Work order :: Could you set down only the lines from the one including "- 套件包含型材/电子/螺丝" to the end of the records below, inclusive and exact, leaving pictures out?

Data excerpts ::

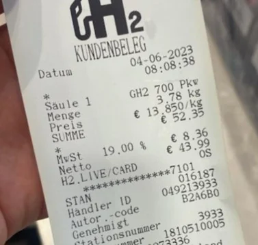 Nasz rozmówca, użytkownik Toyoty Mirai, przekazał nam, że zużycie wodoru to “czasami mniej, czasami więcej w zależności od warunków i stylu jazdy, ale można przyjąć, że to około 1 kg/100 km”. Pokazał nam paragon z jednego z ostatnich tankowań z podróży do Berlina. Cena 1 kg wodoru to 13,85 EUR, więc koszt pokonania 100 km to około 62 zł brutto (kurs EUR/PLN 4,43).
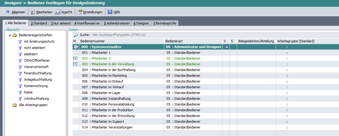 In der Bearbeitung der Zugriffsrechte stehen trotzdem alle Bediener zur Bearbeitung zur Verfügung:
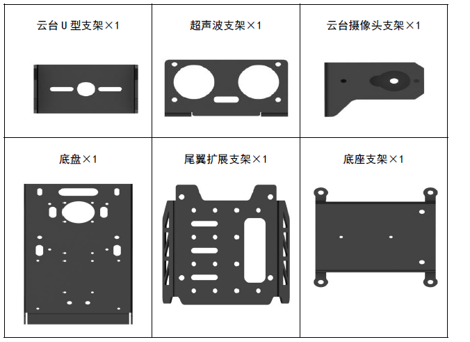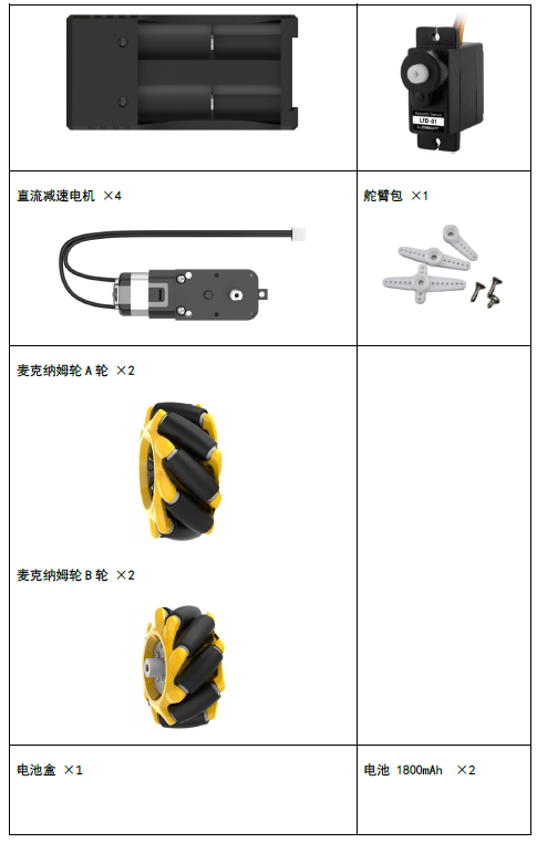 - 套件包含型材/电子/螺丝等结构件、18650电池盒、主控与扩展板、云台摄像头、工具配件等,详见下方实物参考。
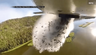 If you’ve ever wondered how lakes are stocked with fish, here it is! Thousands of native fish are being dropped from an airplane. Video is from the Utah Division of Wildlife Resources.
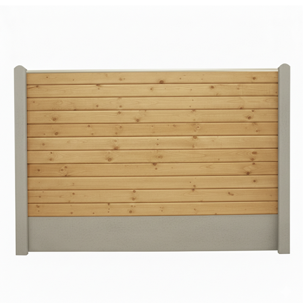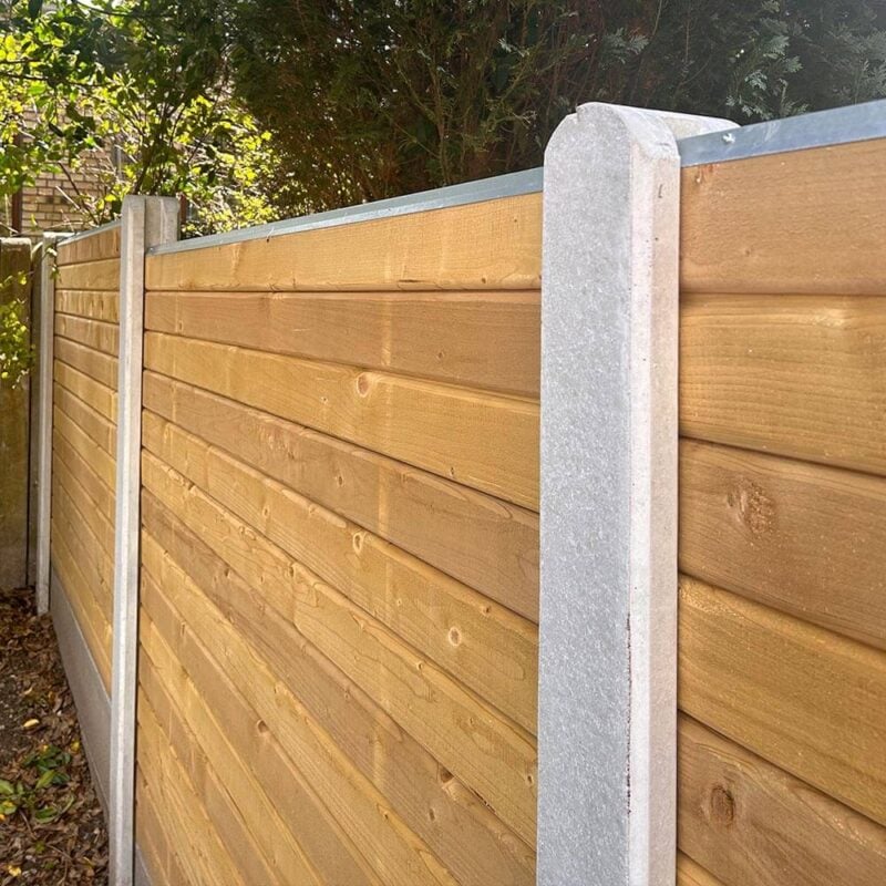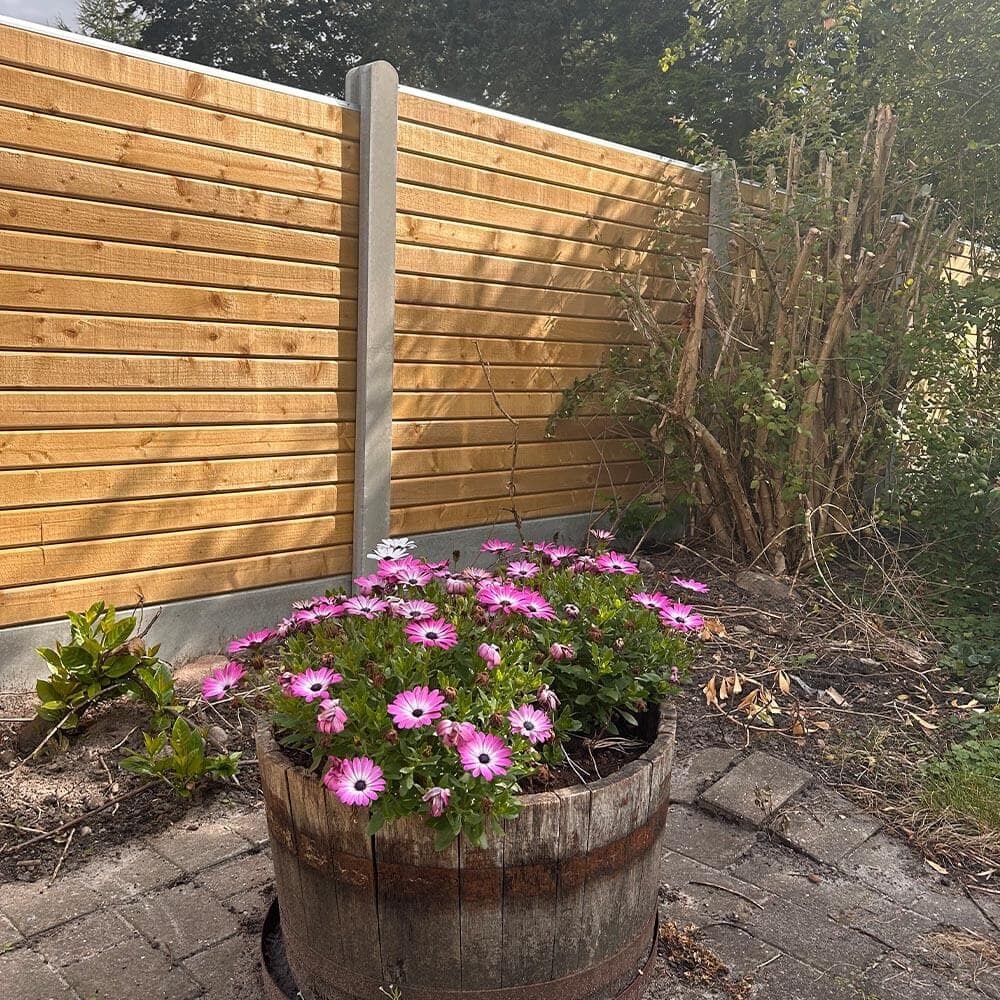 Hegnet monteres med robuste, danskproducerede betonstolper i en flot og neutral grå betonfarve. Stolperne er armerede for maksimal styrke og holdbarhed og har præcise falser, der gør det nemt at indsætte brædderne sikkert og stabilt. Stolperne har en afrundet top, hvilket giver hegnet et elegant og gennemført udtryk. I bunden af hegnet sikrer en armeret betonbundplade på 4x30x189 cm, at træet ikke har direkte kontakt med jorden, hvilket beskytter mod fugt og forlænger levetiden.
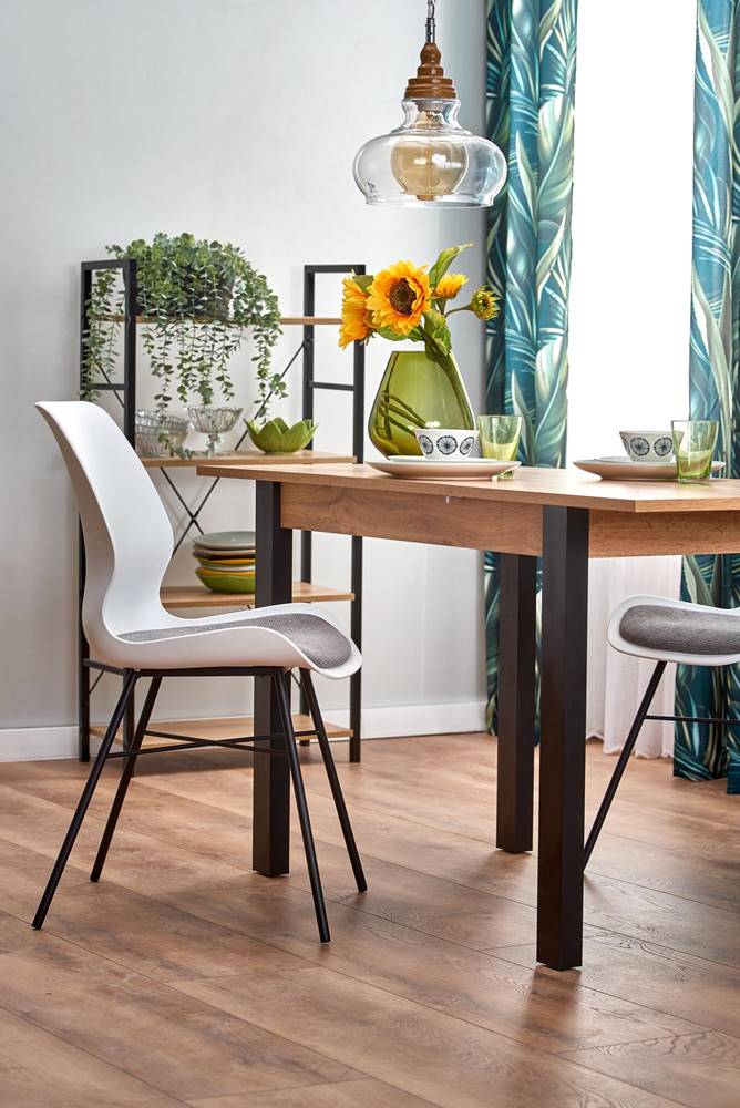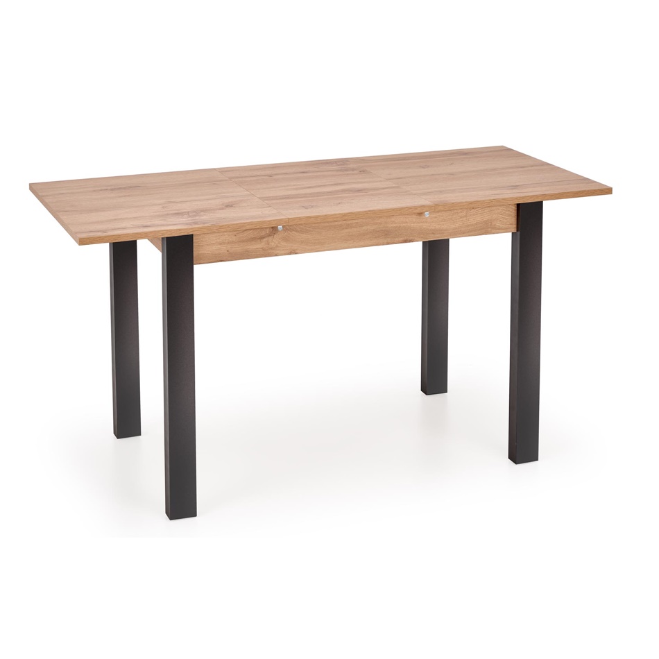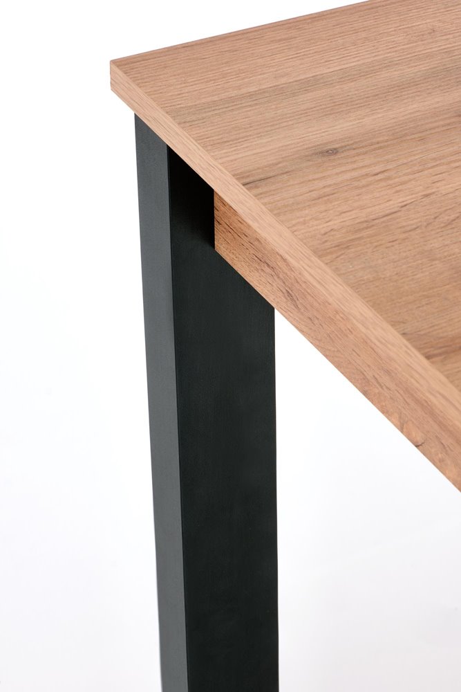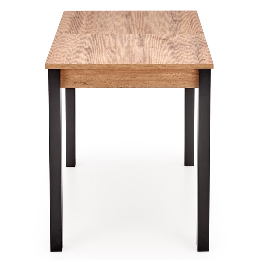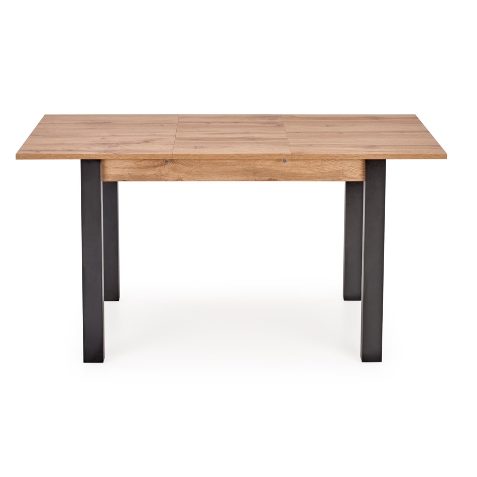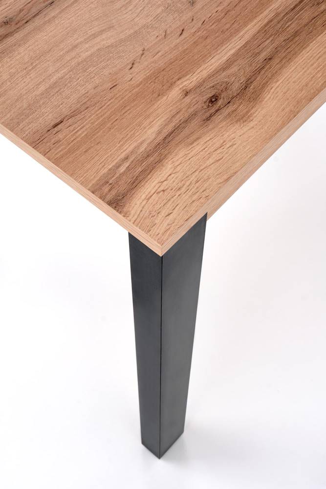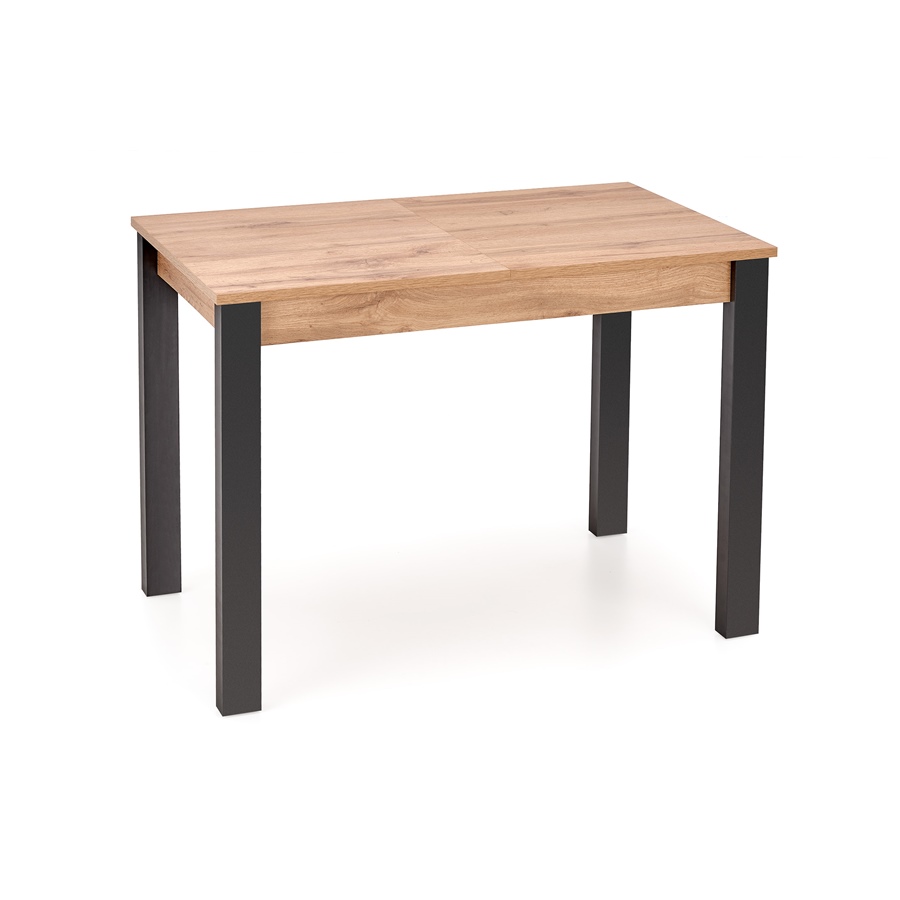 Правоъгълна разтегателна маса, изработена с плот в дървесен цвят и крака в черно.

Solution to the problem ::
 - 套件包含型材/电子/螺丝等结构件、18650电池盒、主控与扩展板、云台摄像头、工具配件等,详见下方实物参考。
 If you’ve ever wondered how lakes are stocked with fish, here it is! Thousands of native fish are being dropped from an airplane. Video is from the Utah Division of Wildlife Resources.
 Hegnet monteres med robuste, danskproducerede betonstolper i en flot og neutral grå betonfarve. Stolperne er armerede for maksimal styrke og holdbarhed og har præcise falser, der gør det nemt at indsætte brædderne sikkert og stabilt. Stolperne har en afrundet top, hvilket giver hegnet et elegant og gennemført udtryk. I bunden af hegnet sikrer en armeret betonbundplade på 4x30x189 cm, at træet ikke har direkte kontakt med jorden, hvilket beskytter mod fugt og forlænger levetiden.
 Правоъгълна разтегателна маса, изработена с плот в дървесен цвят и крака в черно.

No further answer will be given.